A BILL TO BE ENTITLED
 
AN ACT
  relating to the disclosure of health care costs and related
  information.
         BE IT ENACTED BY THE LEGISLATURE OF THE STATE OF TEXAS:
         SECTION 1.  Subtitle F, Title 8, Insurance Code, is amended
  by adding Chapter 1470 to read as follows:
  CHAPTER 1470. DISCLOSURE OF PAYMENT AND COMPENSATION METHODOLOGY
         Sec. 1470.001.  DEFINITIONS. In this chapter, unless the
  context otherwise requires:
               (1)  "Edit" means a practice or procedure under which
  an adjustment is made regarding procedure codes that results in:
                     (A)  payment for some, but not all, of the health
  care procedures performed under a procedure code;
                     (B)  payment made under a different procedure
  code;
                     (C)  a reduced payment as a result of services
  provided to a patient that are claimed under more than one procedure
  code on the same service date;
                     (D)  a reduced payment related to a modifier used
  with a procedure code; or
                     (E)  a reduced payment based on multiple units of
  the same procedure code billed for a single date of service.

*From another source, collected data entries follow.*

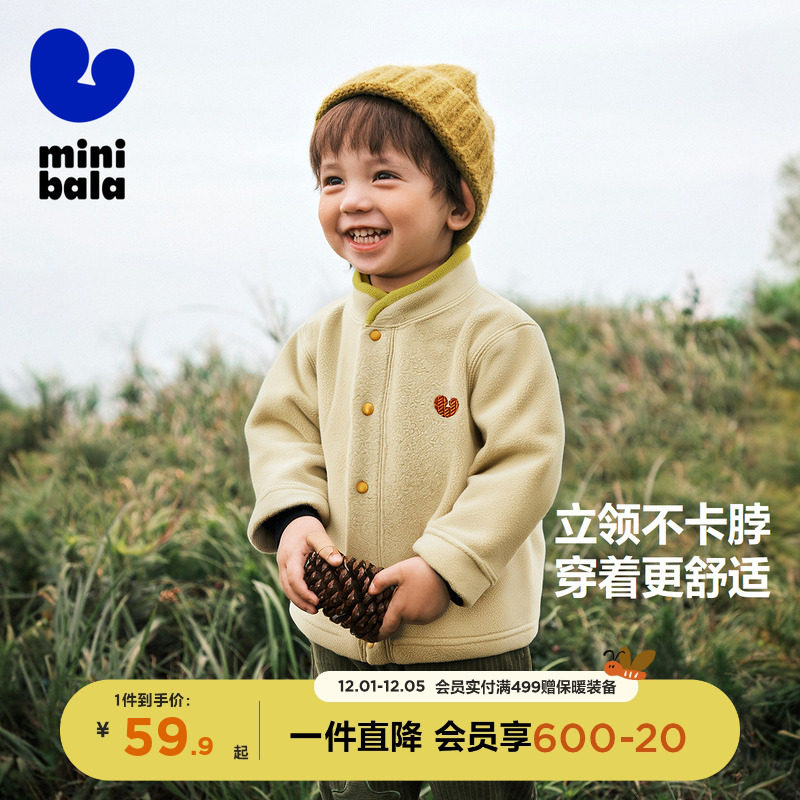 迷你巴拉巴拉男女童毛绒外套宝宝抗静电摇粒绒保暖上衣2025秋新品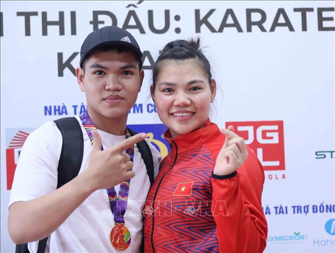 Chiều 19/5/2022, tại Nhà thi đấu tỉnh Ninh Bình, Bùi Thị Thảo (đai xanh) của đội tuyển Karate Việt Nam giành chiến thắng thuyết phục trong trận chung kết nội dung Kumite nữ, hạng trên 68 kg trước VĐV Banurea Dessyinta Rakawui (đai đỏ, Indonesia) và đạt huy chương Vàng. Ảnh: Thanh Tùng – TTXVN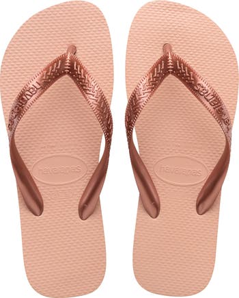 Slim, metallic straps catch the sun atop a flip-flop crafted for warm-weather comfort from cushy rubber.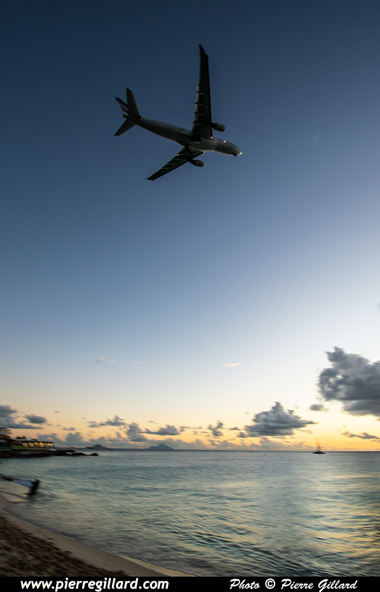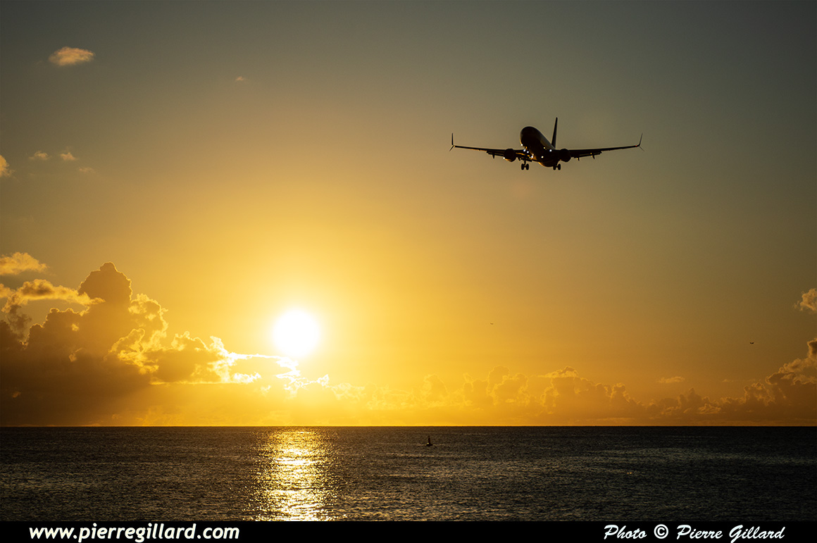 Je retournerai à Maho Beach à la tombée du jour pour prendre encore quelques vues d’avions au coucher du soleil, dont un Airbus A330 d’Air France et un autre de KLM arrivé un peu tardivement. Puis nous allons manger une bonne pizza au Driftwood accompagnée d’une bière "SXM" pour conclure cette journée !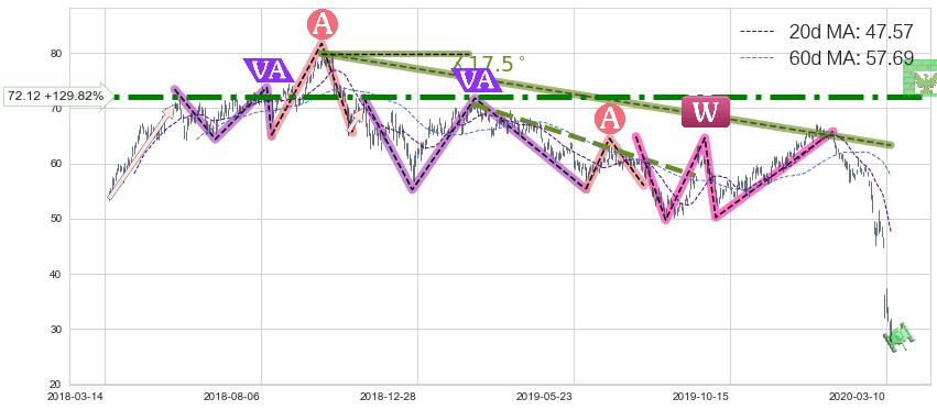 ♘ 阻力价格位72.12,可信任强度99.00%,距离最后交易2020-03-13形成的收盘价格31.38相差 +129.82%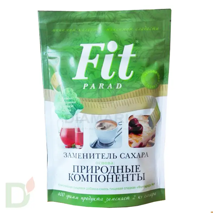 1 г смеси ФитПарад №1 заменяет 5 г сахара, то есть 200 грамм продукта заменяет 1 кг сахара. Смесь подсластителей ФитПарад №1 может использоваться в производстве продуктов для больных сахарным диабетом, а также для целевой группы потребителей, следящих за своим весом.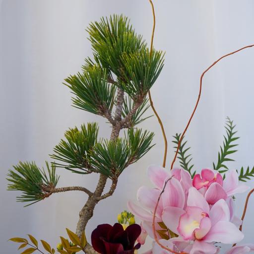新しい年を、おめでたく華やかに迎えましょう。ブラックのスタイリッシュな器に、高さを出したアレンジメントです。動きのある個性的な松を使用し、お正月らしい豪華なお花を使います。松や南天は福が来る・縁起がいいとされており、水引きをあしらっておめでたいムードに。高さを出すデザインなので壁際や玄関、受付などオススメです。お客様へ発送する直前に入荷した一番フレッシュなお花を、HANABOZEフローリストが厳選し作成します。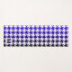 This yoga mat features a geometric houndstooth pattern in blueish-white over a royal blue to black gradient background. Personalise it with your monogram in a matching dark blue shade at the bottom right corner.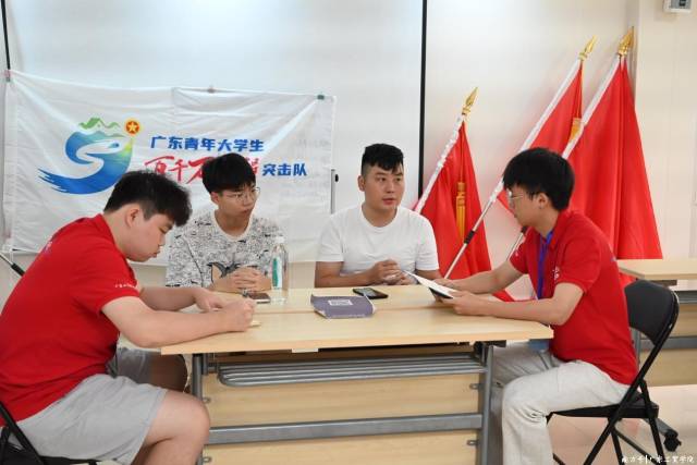 涂南画北实践队队员与管委会团委副书记黄博瀚做面对面访谈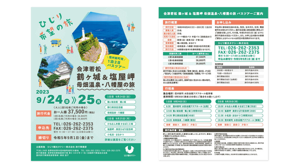 日帰りバスツアーのチラシアート&デザイン タッグ。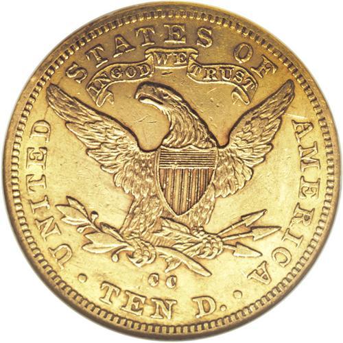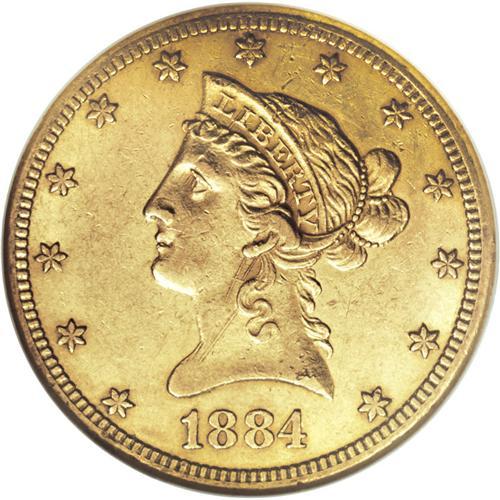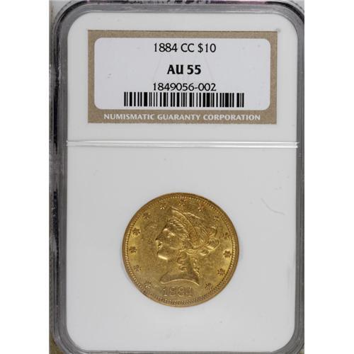 <B>1884-CC $10 AU55 NGC.</B></I> The luminous yellow-orange surfaces of this Choice AU eagle retain a touch of frosty luster in the fields. Only a handful of small marks affect each side, a surprise for this heavily circulated issue of under 10,000 pieces. A modestly worn representative of this mid-date issue, one best known for the "chisel mark" die diagnostics evident on Liberty's neck.<BR><BR><b>Shipping:</b> Coins & Currency (<a target="_blank" href="http://www.heritageauctions.com/common/shipping.php">view shipping information</a>)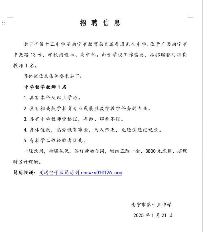 2025年南寧市第十五中學(xué)招聘中學(xué)數(shù)學(xué)老師1名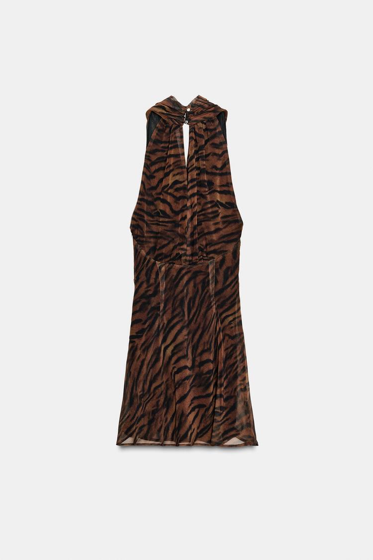 ZARA МИНИ-ПЛАТЬЕ С АНИМАЛИСТИЧЕСКИМ ПРИНТОМ НА ЗАПАХ, ЧЕРНЫЙ/КОРИЧНЕВЫЙ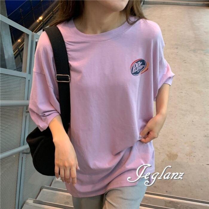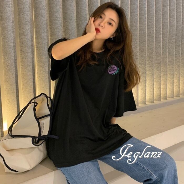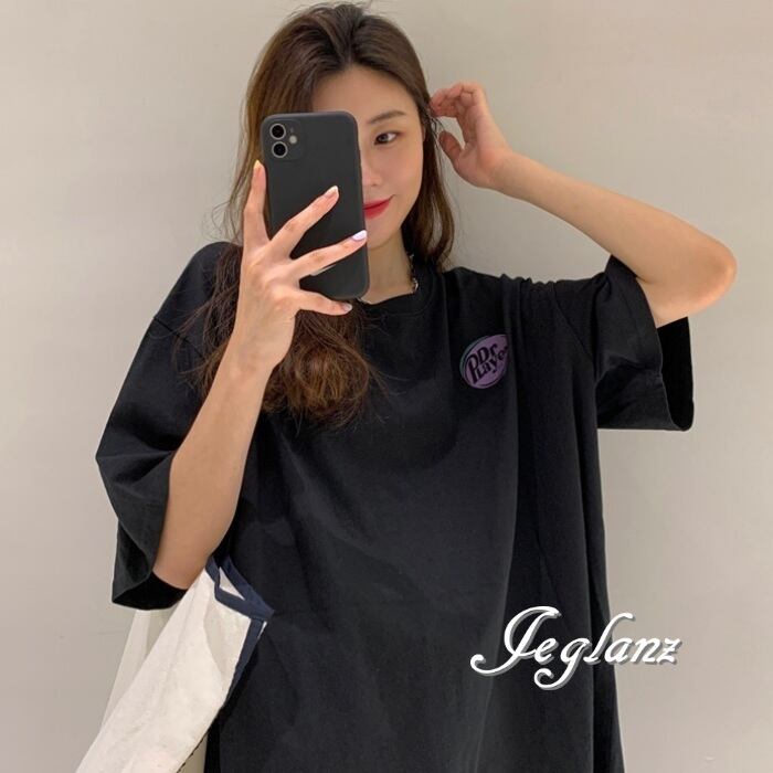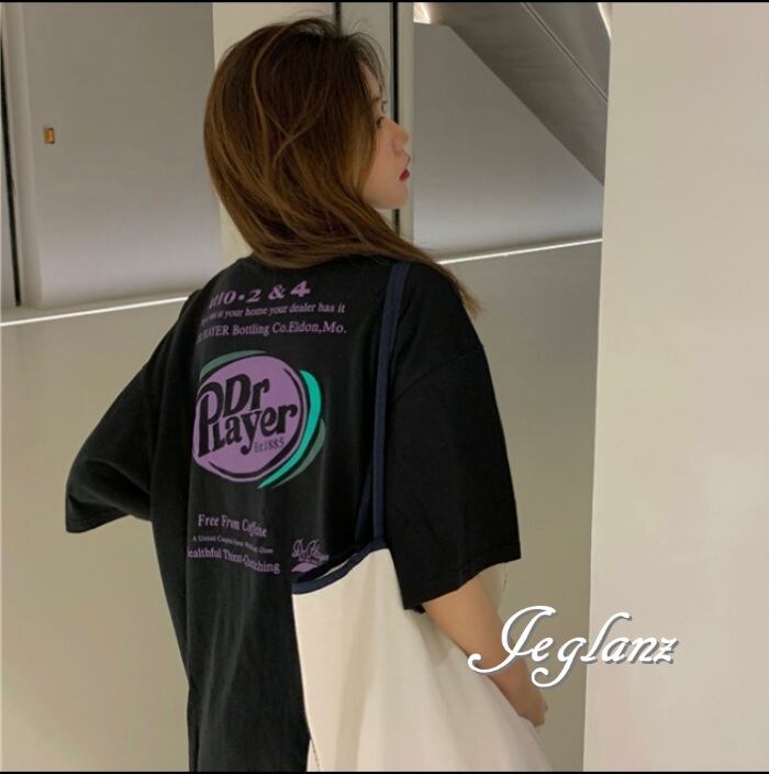 4色 Tシャツ トップス バックロゴ ラウンド ドロップショルダー(MA378)ρ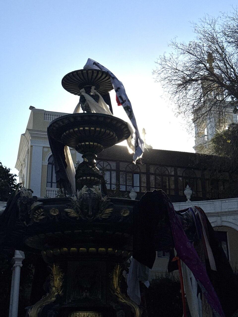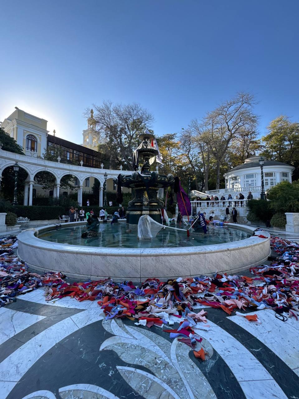 Milli.Az bildirir ki, hovuzun ətrafı parça qalıqları ilə doludur. Kənardan baxımsız görünsə də, əslində məqsəd parçaların hazırlanması üçün sərf olunmuş tonlarla suya diqqət çəkmək üçün belə edilib.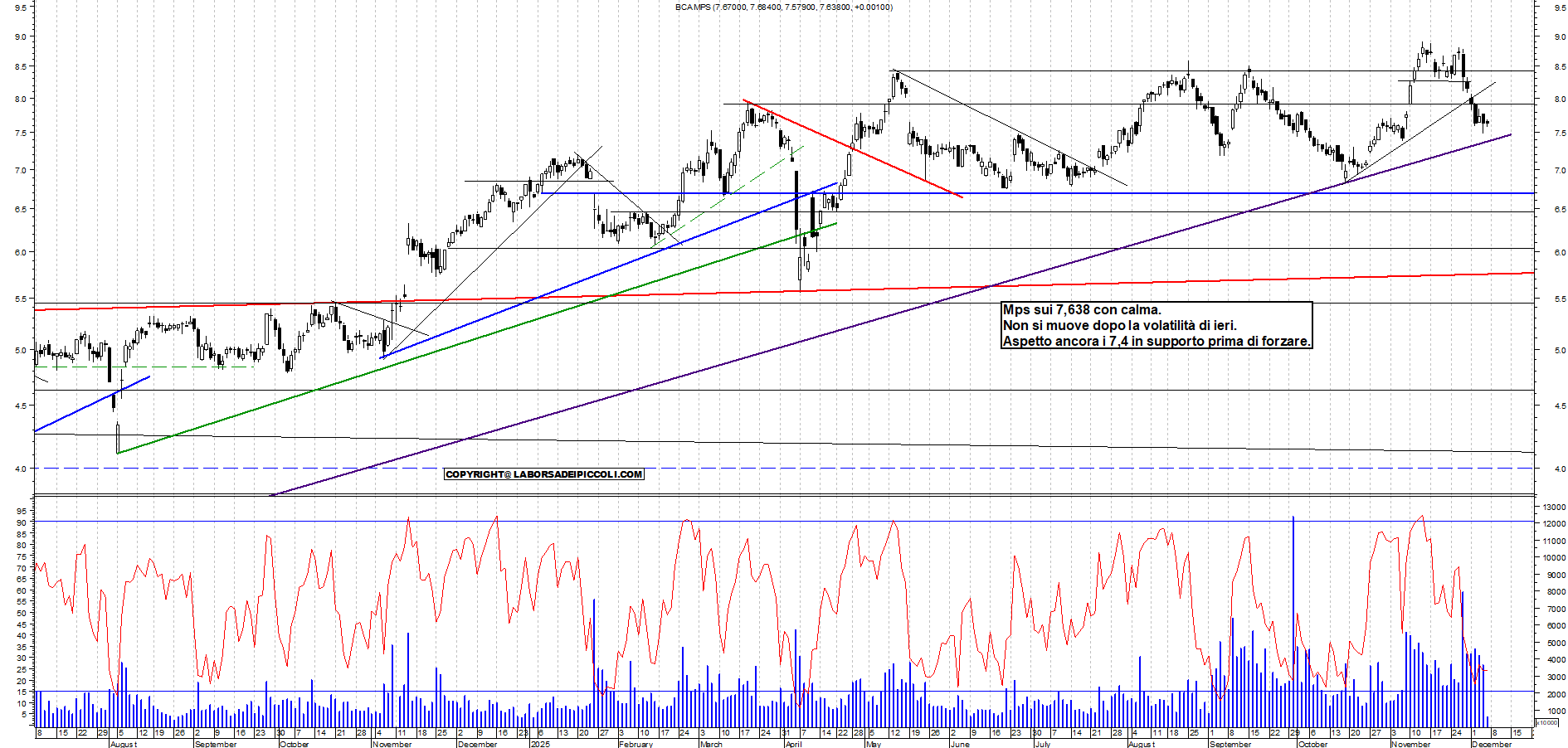 MPS: Mps sui 7,638 con calma. Non si muove dopo la volatilità di ieri. Aspetto ancora i 7,4 in supporto prima di forzare.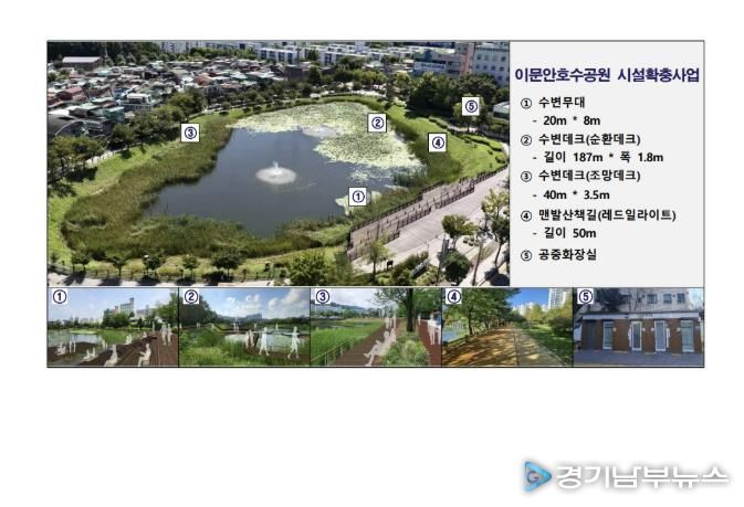 이번 사업은 이문안호수공원의 수변 공간을 중심으로 수변무대와 수변나무 바닥(데크), 맨발 산책길, 공중화장실 등 주민 설문조사를 통해 이용 수요가 높은 시설을 조성하고, 건강·여가·문화 기능을 동시에 강화하는 데 목적을 두고 있다.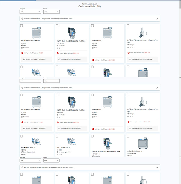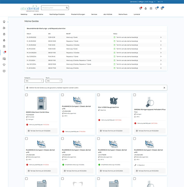 Eines der Highlights des Projektes ist die neue Übersicht für Zahnärzt:innen und deren Team. Hier zeigen wir alle Geräte der Praxis an - auch solche, die nicht bei diesem Händler gekauft wurden. So können Praxisinhaber:innen jederzeit den Überblick über ihre Ausstattung behalten. - Wartungsmanagement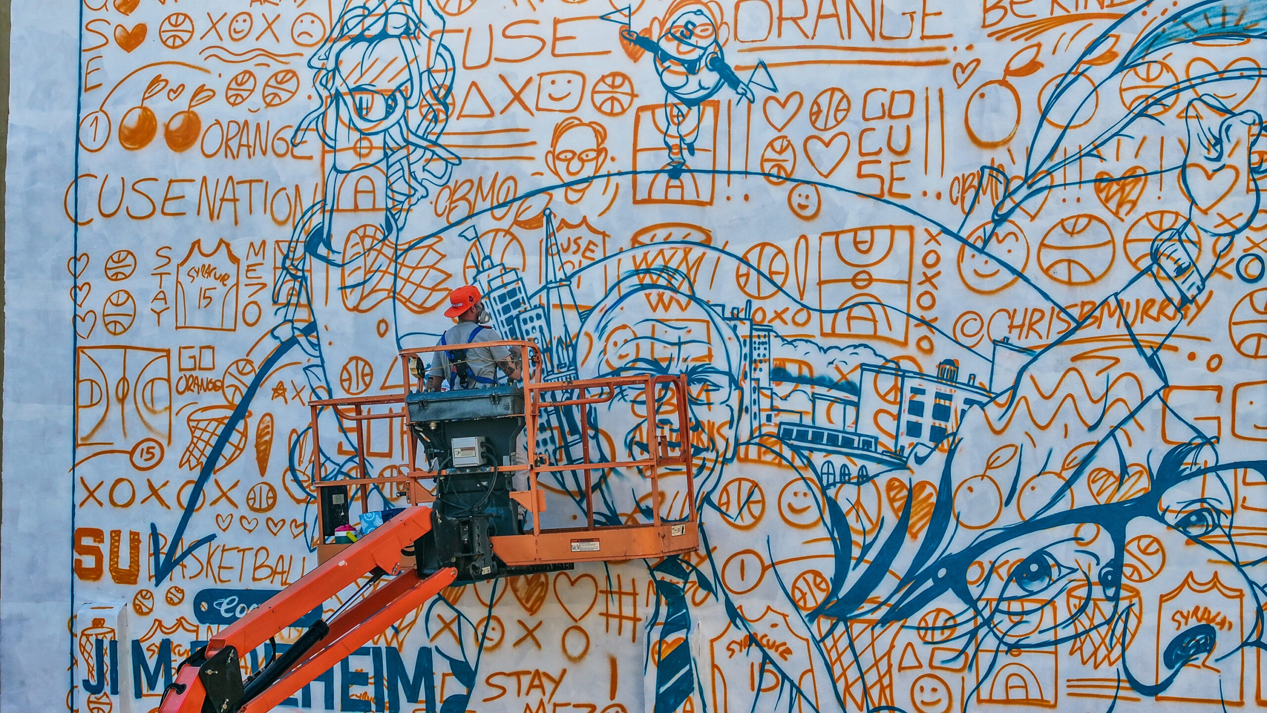Nolan, who’s familiar with Murray’s design style, was quick to jump at the opportunity to be part of the project. A lifelong Syracuse resident, Nolan grew up with Syracuse football and basketball. Connecting Murray with other donors helped secure the mural’s funding, Nolan said.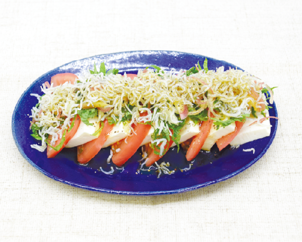 ③ ①と②を交互に並べて器に盛り付け、大葉・みょうが・ちりめんじゃこを上にのせ、よく混ぜ合わせた【A】を上からかける。仕上げに黒こしょうを振る。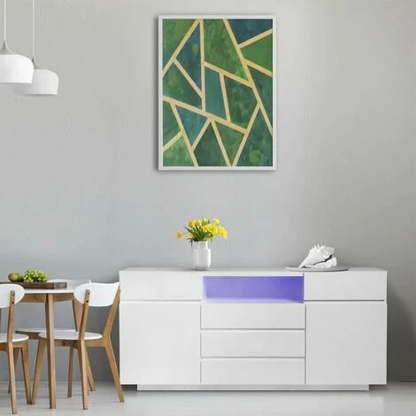 LUX Buffet – 2 portes – 5 tiroirs – Luminaire LED inclus – En MDF laqué haute brillance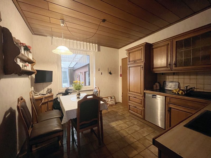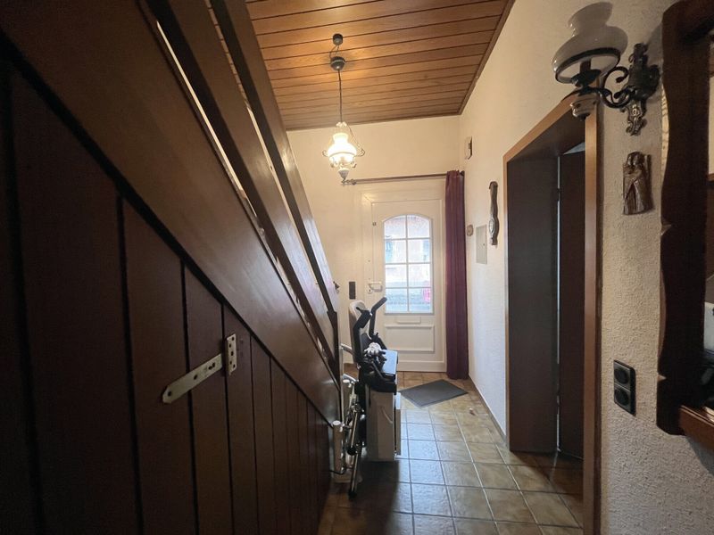 Das Haus stammt aus dem Baujahr 1906 und zeigt sich in einer soliden, traditionellen Bauweise. Es wurde in den Folgejahren kernsaniert und umgebaut. Bereits der Eingangsbereich empfängt mit einem geradlinigen Flur, von dem aus sich die Räume des Erdgeschosses erschließen. Neben einem Gäste-/Kinder- oder Schlafzimmer liegt hier ein großzügig geschnittenes Wohn-/Esszimmer, das durch seine Größe einige Stellmöglichkeiten bietet. Angrenzend ergänzt die Küche das Erdgeschoss als zentraler Familienraum; sie bietet Platz für einen Esstisch. Praktisch abgerundet wird diese Ebene durch einen Abstellraum, der im Alltag wertvolle Ordnung schafft. Über einen Zwischenflur erreicht man im EG ein geräumiges Bad mit hellen Fliesen sowie einen Freisitz in Wintergartenqualität.

               (2)  "Health benefit plan issuer" means:
                     (A)  an insurance company, association,
  organization, group hospital service corporation, health
  maintenance organization, or pharmacy benefit manager that
  delivers or issues for delivery an individual, group, blanket, or
  franchise insurance policy or insurance agreement, a group hospital
  service contract, or an evidence of coverage that provides health
  insurance or health care benefits and includes:
                           (i)  a life, health, or accident insurance
  company operating under Chapter 841 or 982;
                           (ii)  a general casualty insurance company
  operating under Chapter 861;
                           (iii)  a fraternal benefit society operating
  under Chapter 885;
                           (iv)  a mutual life insurance company
  operating under Chapter 882;
                           (v)  a local mutual aid association
  operating under Chapter 886;
                           (vi)  a statewide mutual assessment company
  operating under Chapter 881;
                           (vii)  a mutual assessment company or mutual
  assessment life, health, and accident association operating under
  Chapter 887;
                           (viii)  a mutual insurance company operating
  under Chapter 883 that writes coverage other than life insurance;
                           (ix)  a Lloyd's plan operating under Chapter
  941;
                           (x)  a reciprocal exchange operating under
  Chapter 942;
                           (xi)  a stipulated premium insurance company
  operating under Chapter 884;
                           (xii)  an exchange operating under Chapter
  942;
                           (xiii)  a Medicare supplemental policy as
  defined by Section 1882(g)(1), Social Security Act (42 U.S.C.
  Section 1395ss(g)(1);
                           (xiv)  a Medicaid managed care program
  operated under Chapter 533, Government Code;
                           (xv)  a health maintenance organization
  operating under Chapter 843;
                           (xvi)  a multiple employer welfare
  arrangement that holds a certificate of authority under Chapter
  846; and
                           (xvii)  an approved nonprofit health
  corporation that holds a certificate of authority under Chapter
  844;
                     (B)  the state Medicaid program operated under
  Chapter 32, Human Resources Code, or the state child health plan or
  health benefits plan for children under Chapter 62 or 63, Health and
  Safety Code;
                     (C)  the Employees Retirement System of Texas or
  another entity issuing or administering a basic coverage plan under
  Chapter 1551;
                     (D)  the Teacher Retirement System of Texas or
  another entity issuing or administering a basic plan under Chapter
  1575 or a primary care coverage plan under Chapter 1579;
                     (E)  The Texas A&M University System or The
  University of Texas System or another entity issuing or
  administering basic coverage under Chapter 1601; and
                     (F)  an entity issuing or administering medical
  benefits provided under a workers' compensation insurance policy or
  otherwise under Title 5, Labor Code.
               (3)  "Health care contract" means a contract entered
  into or renewed between a health care contractor and a physician or
  health care provider for the delivery of health care services to
  others.
               (4)  "Health care contractor" means an individual or
  entity that has as a business purpose contracting with physicians
  or health care providers for the delivery of health care services.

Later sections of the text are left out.